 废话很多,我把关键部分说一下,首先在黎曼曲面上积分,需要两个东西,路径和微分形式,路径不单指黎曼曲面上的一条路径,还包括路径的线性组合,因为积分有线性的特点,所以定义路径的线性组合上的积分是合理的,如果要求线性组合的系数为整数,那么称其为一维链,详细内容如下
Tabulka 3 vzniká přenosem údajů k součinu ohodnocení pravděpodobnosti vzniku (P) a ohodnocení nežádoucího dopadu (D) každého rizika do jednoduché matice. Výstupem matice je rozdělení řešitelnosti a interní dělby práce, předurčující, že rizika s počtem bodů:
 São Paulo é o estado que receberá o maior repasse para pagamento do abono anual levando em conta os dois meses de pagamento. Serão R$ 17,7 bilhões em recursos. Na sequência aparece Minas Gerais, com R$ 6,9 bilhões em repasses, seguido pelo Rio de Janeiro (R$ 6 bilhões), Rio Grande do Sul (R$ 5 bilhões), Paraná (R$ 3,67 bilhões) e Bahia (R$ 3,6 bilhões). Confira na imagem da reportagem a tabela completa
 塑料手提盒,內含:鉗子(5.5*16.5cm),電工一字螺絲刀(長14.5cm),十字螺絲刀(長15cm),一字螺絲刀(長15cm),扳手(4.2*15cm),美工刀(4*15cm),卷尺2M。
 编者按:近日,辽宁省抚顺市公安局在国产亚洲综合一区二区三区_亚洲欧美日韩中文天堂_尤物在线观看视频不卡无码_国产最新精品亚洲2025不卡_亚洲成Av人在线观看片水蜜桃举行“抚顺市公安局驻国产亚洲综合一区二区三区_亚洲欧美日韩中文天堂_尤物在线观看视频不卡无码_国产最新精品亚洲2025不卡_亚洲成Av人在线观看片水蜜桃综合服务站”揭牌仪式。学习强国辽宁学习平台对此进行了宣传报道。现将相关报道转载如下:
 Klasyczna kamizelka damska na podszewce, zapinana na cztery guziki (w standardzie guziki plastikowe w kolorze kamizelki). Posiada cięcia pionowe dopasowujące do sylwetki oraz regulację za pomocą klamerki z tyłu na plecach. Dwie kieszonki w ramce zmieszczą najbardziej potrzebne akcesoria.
------------------------------------------------
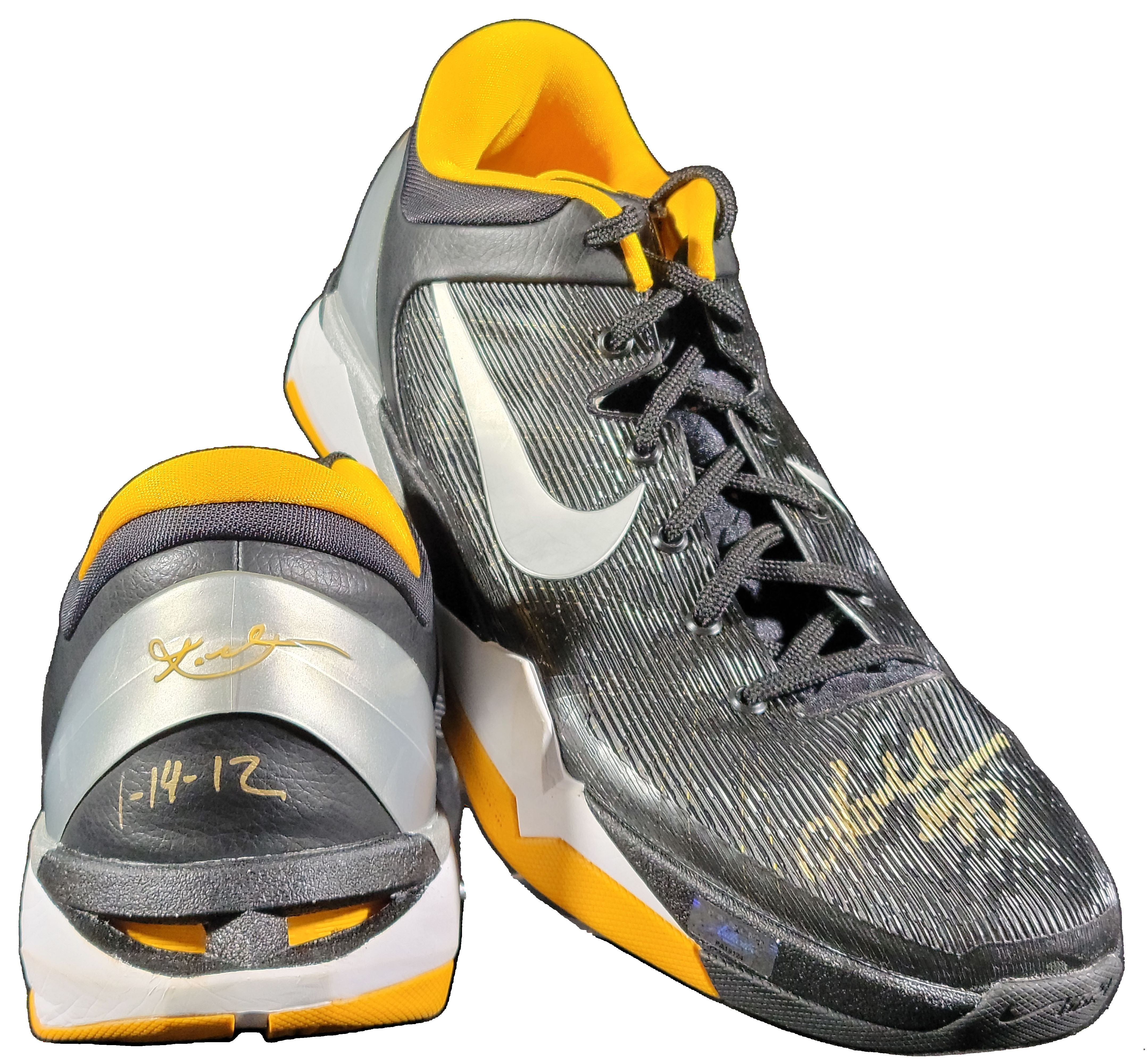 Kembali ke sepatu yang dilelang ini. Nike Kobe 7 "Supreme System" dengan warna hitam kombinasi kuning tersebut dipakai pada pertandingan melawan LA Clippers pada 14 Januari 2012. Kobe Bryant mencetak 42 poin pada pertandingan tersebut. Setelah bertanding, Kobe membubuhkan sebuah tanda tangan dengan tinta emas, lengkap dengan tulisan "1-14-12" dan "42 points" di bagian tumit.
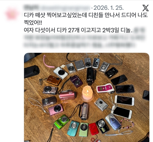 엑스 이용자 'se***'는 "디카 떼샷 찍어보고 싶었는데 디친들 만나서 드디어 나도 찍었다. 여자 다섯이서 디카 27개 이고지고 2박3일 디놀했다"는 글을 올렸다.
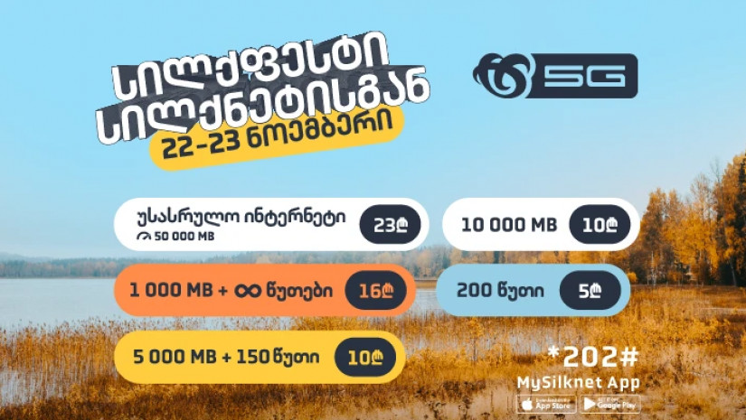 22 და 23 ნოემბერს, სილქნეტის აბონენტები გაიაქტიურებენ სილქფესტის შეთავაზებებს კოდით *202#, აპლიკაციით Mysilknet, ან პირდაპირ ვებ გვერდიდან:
------------------------------------------------
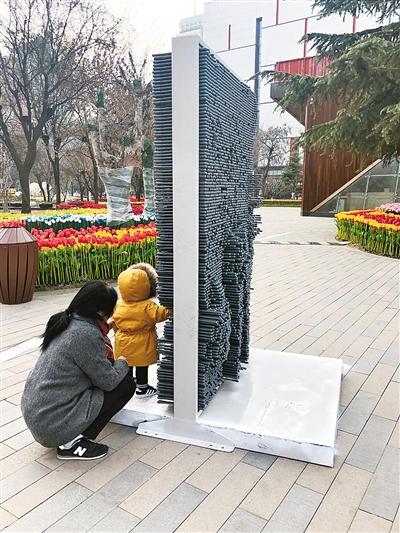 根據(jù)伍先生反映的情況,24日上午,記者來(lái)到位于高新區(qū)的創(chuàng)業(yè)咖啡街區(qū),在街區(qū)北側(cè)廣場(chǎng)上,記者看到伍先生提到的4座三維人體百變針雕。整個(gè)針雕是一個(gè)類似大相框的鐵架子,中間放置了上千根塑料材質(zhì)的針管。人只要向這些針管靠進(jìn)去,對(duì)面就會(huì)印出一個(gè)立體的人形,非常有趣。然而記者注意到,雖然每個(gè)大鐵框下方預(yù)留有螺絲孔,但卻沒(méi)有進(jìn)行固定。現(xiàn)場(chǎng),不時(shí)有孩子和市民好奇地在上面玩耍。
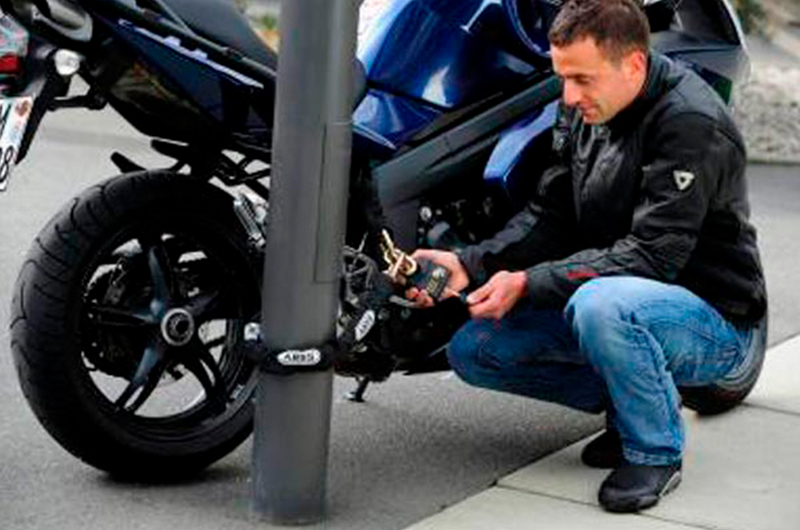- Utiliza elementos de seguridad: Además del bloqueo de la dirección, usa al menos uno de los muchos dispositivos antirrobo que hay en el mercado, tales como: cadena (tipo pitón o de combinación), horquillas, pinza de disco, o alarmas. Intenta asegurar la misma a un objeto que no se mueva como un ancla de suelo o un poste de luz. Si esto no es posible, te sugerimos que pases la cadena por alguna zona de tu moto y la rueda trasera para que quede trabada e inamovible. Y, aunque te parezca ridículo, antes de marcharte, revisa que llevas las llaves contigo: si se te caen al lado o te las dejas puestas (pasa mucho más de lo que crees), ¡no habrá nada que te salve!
------------------------------------------------
PROBLEM — Beginning at the line with "废话很多,我把关键部分说一下" and ending at the line with "São Paulo é", reproduce each line of the data above exactly, and add no other lines.

EXPECTED ANSWER —
 废话很多,我把关键部分说一下,首先在黎曼曲面上积分,需要两个东西,路径和微分形式,路径不单指黎曼曲面上的一条路径,还包括路径的线性组合,因为积分有线性的特点,所以定义路径的线性组合上的积分是合理的,如果要求线性组合的系数为整数,那么称其为一维链,详细内容如下
Tabulka 3 vzniká přenosem údajů k součinu ohodnocení pravděpodobnosti vzniku (P) a ohodnocení nežádoucího dopadu (D) každého rizika do jednoduché matice. Výstupem matice je rozdělení řešitelnosti a interní dělby práce, předurčující, že rizika s počtem bodů:
 São Paulo é o estado que receberá o maior repasse para pagamento do abono anual levando em conta os dois meses de pagamento. Serão R$ 17,7 bilhões em recursos. Na sequência aparece Minas Gerais, com R$ 6,9 bilhões em repasses, seguido pelo Rio de Janeiro (R$ 6 bilhões), Rio Grande do Sul (R$ 5 bilhões), Paraná (R$ 3,67 bilhões) e Bahia (R$ 3,6 bilhões). Confira na imagem da reportagem a tabela completa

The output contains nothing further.